→ **INSTRUCTIONS FOR THE TASK**: Restate the lines word for word, from the first line of the records through the line containing "αποχωρισμοί είναι πάντα". Leave out the pictures and anything after that line.

→ **INPUT**:
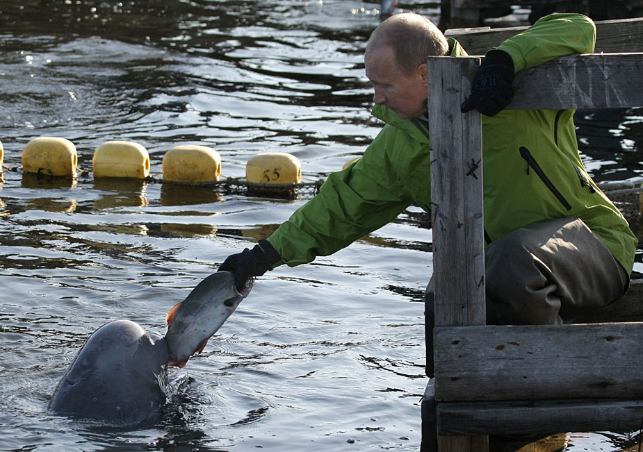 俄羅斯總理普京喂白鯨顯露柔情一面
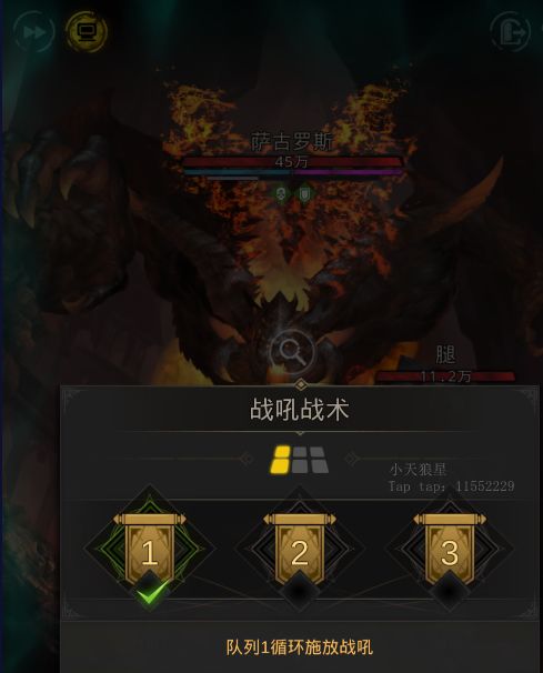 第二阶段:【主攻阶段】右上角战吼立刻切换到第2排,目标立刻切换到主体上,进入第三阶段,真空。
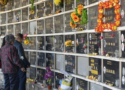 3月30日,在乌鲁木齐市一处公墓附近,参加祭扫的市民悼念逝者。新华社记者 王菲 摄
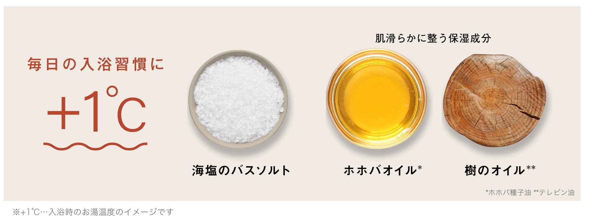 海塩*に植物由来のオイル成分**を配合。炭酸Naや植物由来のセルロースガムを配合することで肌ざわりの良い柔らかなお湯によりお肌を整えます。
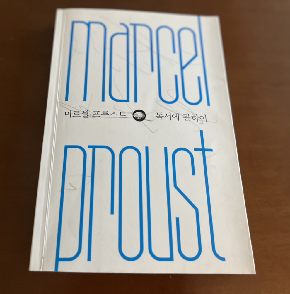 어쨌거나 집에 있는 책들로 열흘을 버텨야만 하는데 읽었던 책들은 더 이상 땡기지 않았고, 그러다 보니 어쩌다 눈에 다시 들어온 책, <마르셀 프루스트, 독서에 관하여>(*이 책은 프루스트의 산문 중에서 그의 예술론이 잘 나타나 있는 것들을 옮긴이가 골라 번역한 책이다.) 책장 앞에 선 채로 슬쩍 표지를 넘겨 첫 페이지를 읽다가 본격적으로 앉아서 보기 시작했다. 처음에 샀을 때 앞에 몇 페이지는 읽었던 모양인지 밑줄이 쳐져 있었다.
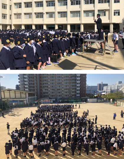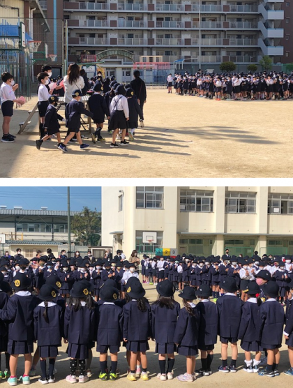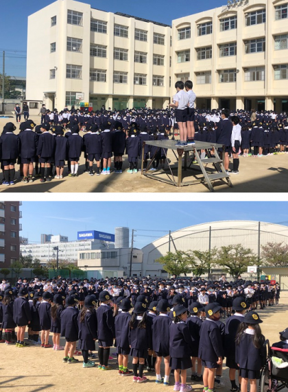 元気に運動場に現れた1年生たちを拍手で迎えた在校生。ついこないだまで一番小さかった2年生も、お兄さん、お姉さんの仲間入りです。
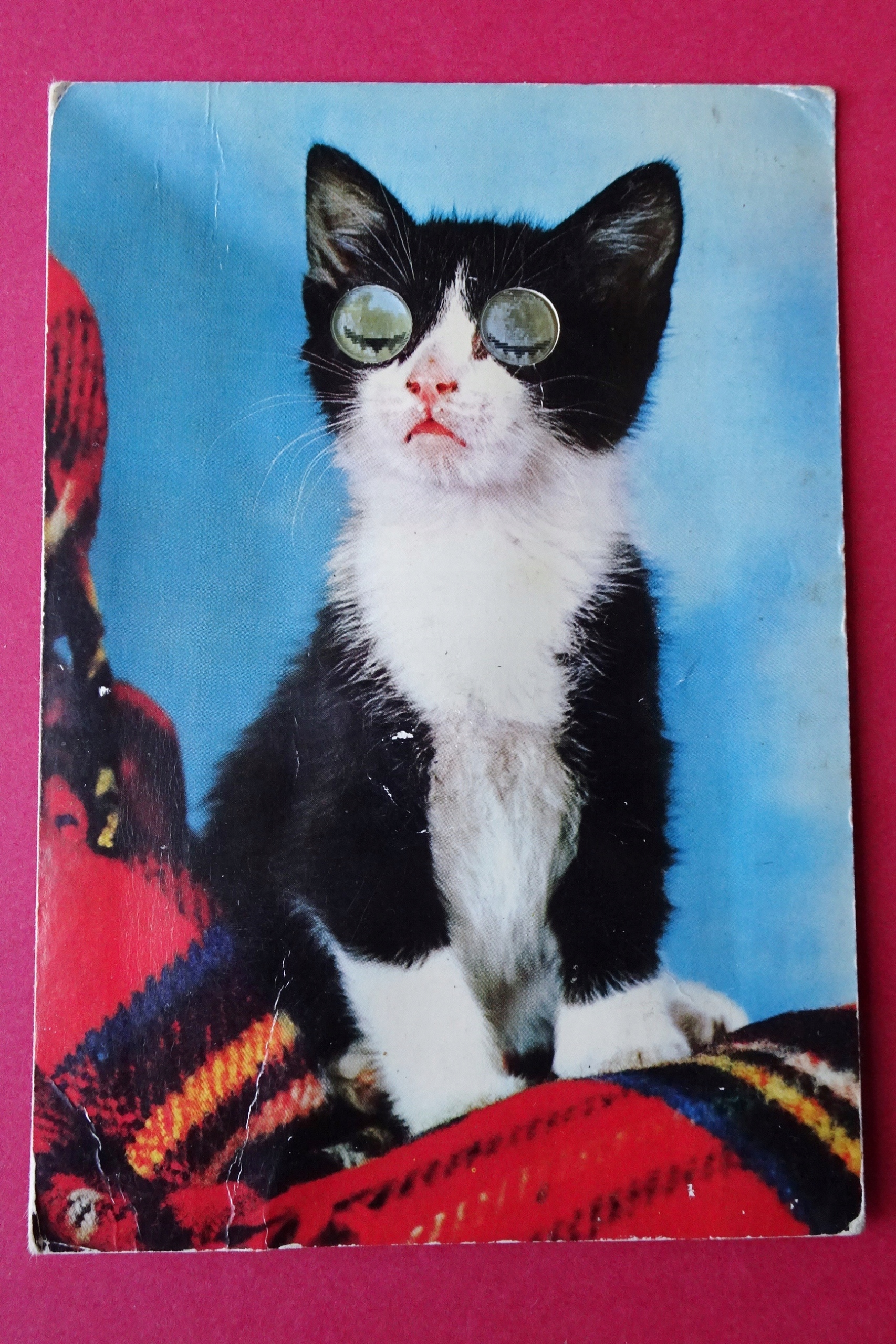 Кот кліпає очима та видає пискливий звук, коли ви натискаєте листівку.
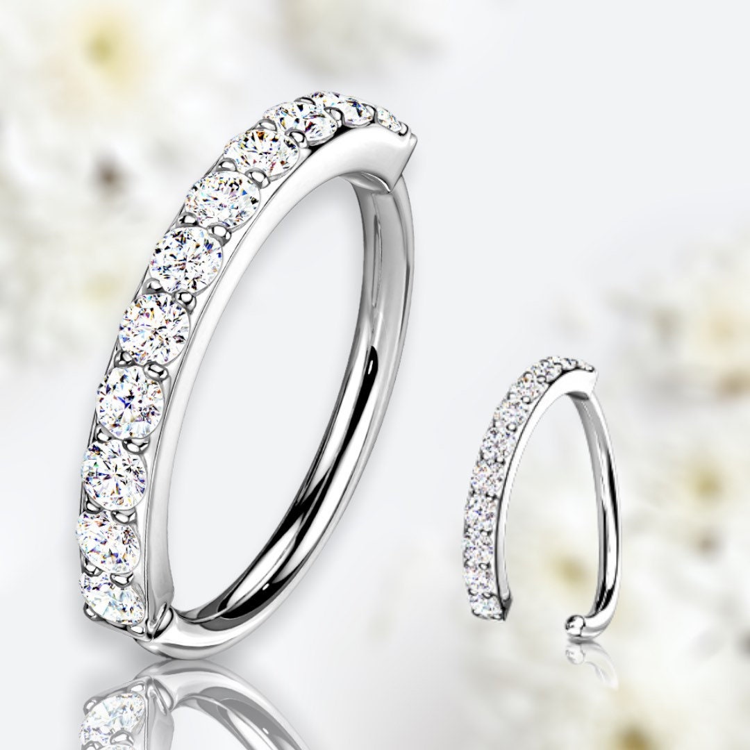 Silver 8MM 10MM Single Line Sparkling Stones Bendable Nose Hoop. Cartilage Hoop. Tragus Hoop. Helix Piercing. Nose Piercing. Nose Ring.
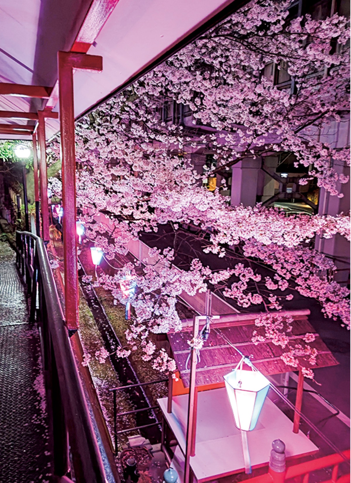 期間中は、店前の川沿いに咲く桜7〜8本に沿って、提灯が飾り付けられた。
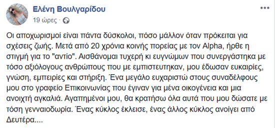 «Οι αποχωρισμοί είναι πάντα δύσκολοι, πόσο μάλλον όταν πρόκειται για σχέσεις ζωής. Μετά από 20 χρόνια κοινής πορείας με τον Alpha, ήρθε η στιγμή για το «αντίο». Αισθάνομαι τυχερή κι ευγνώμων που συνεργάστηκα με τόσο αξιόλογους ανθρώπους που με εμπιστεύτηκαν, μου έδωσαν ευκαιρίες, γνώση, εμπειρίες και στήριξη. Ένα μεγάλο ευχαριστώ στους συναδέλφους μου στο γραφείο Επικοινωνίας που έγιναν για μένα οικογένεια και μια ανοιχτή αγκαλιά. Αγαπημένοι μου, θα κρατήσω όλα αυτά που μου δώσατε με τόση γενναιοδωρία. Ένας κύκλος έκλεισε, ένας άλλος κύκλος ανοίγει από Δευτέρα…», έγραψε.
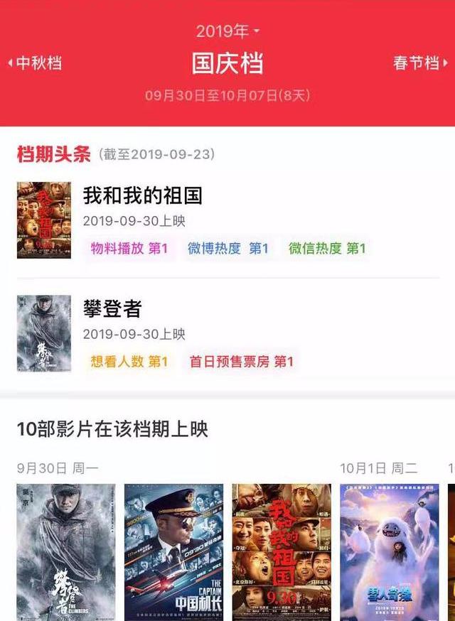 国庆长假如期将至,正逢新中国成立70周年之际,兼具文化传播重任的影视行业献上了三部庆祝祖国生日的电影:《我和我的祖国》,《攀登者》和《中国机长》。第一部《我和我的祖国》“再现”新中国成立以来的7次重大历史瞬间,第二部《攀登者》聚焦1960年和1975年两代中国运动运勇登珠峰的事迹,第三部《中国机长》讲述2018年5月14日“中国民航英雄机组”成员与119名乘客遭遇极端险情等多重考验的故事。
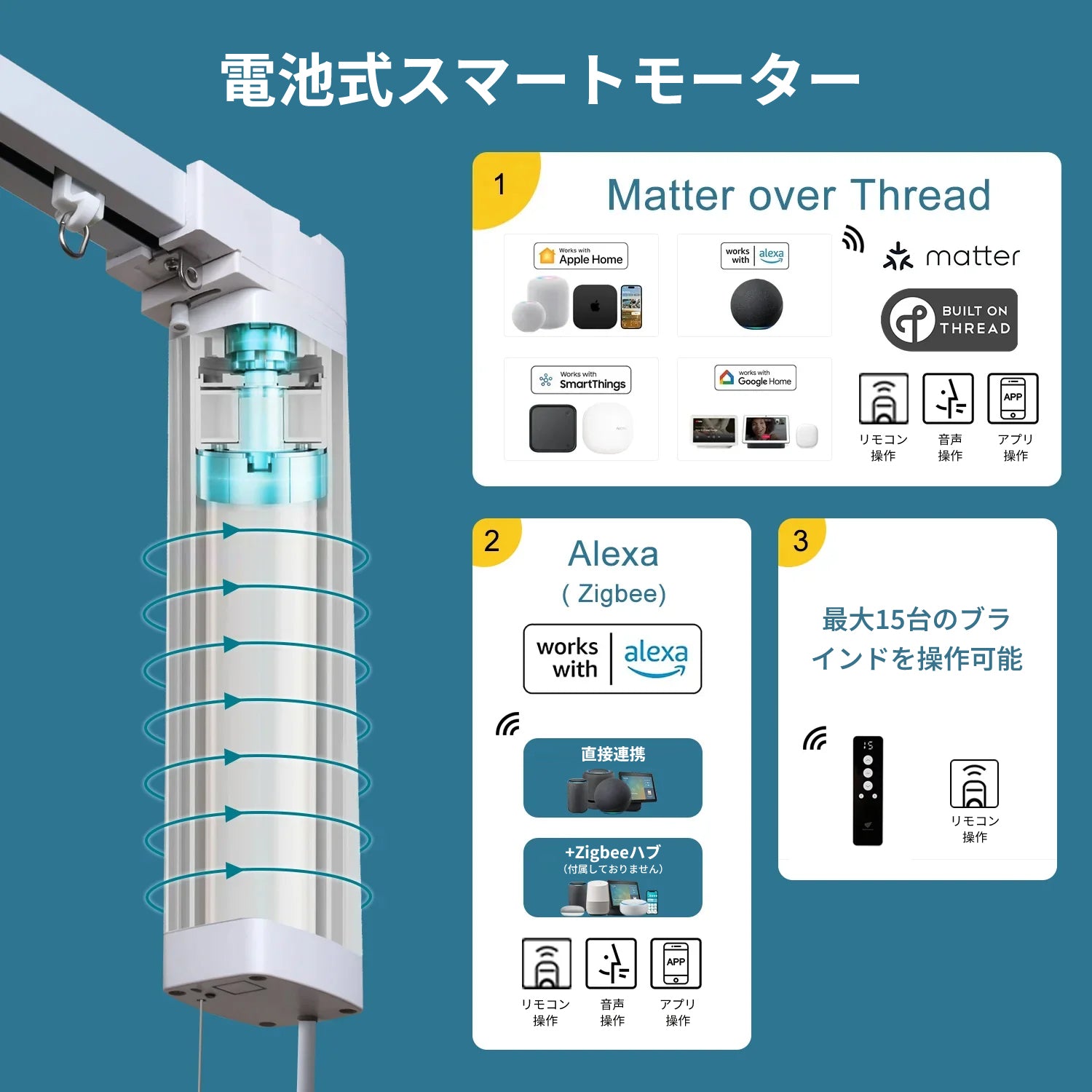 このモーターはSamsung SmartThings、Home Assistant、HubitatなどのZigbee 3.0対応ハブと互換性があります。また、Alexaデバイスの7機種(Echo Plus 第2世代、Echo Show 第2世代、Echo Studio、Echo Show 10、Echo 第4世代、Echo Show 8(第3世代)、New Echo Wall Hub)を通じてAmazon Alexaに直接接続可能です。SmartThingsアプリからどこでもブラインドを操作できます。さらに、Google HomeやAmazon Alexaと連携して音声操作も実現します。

→ **EXPECTED OUTPUT**:
 俄羅斯總理普京喂白鯨顯露柔情一面
 第二阶段:【主攻阶段】右上角战吼立刻切换到第2排,目标立刻切换到主体上,进入第三阶段,真空。
 3月30日,在乌鲁木齐市一处公墓附近,参加祭扫的市民悼念逝者。新华社记者 王菲 摄
 海塩*に植物由来のオイル成分**を配合。炭酸Naや植物由来のセルロースガムを配合することで肌ざわりの良い柔らかなお湯によりお肌を整えます。
 어쨌거나 집에 있는 책들로 열흘을 버텨야만 하는데 읽었던 책들은 더 이상 땡기지 않았고, 그러다 보니 어쩌다 눈에 다시 들어온 책, <마르셀 프루스트, 독서에 관하여>(*이 책은 프루스트의 산문 중에서 그의 예술론이 잘 나타나 있는 것들을 옮긴이가 골라 번역한 책이다.) 책장 앞에 선 채로 슬쩍 표지를 넘겨 첫 페이지를 읽다가 본격적으로 앉아서 보기 시작했다. 처음에 샀을 때 앞에 몇 페이지는 읽었던 모양인지 밑줄이 쳐져 있었다.
 元気に運動場に現れた1年生たちを拍手で迎えた在校生。ついこないだまで一番小さかった2年生も、お兄さん、お姉さんの仲間入りです。
 Кот кліпає очима та видає пискливий звук, коли ви натискаєте листівку.
 Silver 8MM 10MM Single Line Sparkling Stones Bendable Nose Hoop. Cartilage Hoop. Tragus Hoop. Helix Piercing. Nose Piercing. Nose Ring.
 期間中は、店前の川沿いに咲く桜7〜8本に沿って、提灯が飾り付けられた。
 «Οι αποχωρισμοί είναι πάντα δύσκολοι, πόσο μάλλον όταν πρόκειται για σχέσεις ζωής. Μετά από 20 χρόνια κοινής πορείας με τον Alpha, ήρθε η στιγμή για το «αντίο». Αισθάνομαι τυχερή κι ευγνώμων που συνεργάστηκα με τόσο αξιόλογους ανθρώπους που με εμπιστεύτηκαν, μου έδωσαν ευκαιρίες, γνώση, εμπειρίες και στήριξη. Ένα μεγάλο ευχαριστώ στους συναδέλφους μου στο γραφείο Επικοινωνίας που έγιναν για μένα οικογένεια και μια ανοιχτή αγκαλιά. Αγαπημένοι μου, θα κρατήσω όλα αυτά που μου δώσατε με τόση γενναιοδωρία. Ένας κύκλος έκλεισε, ένας άλλος κύκλος ανοίγει από Δευτέρα…», έγραψε.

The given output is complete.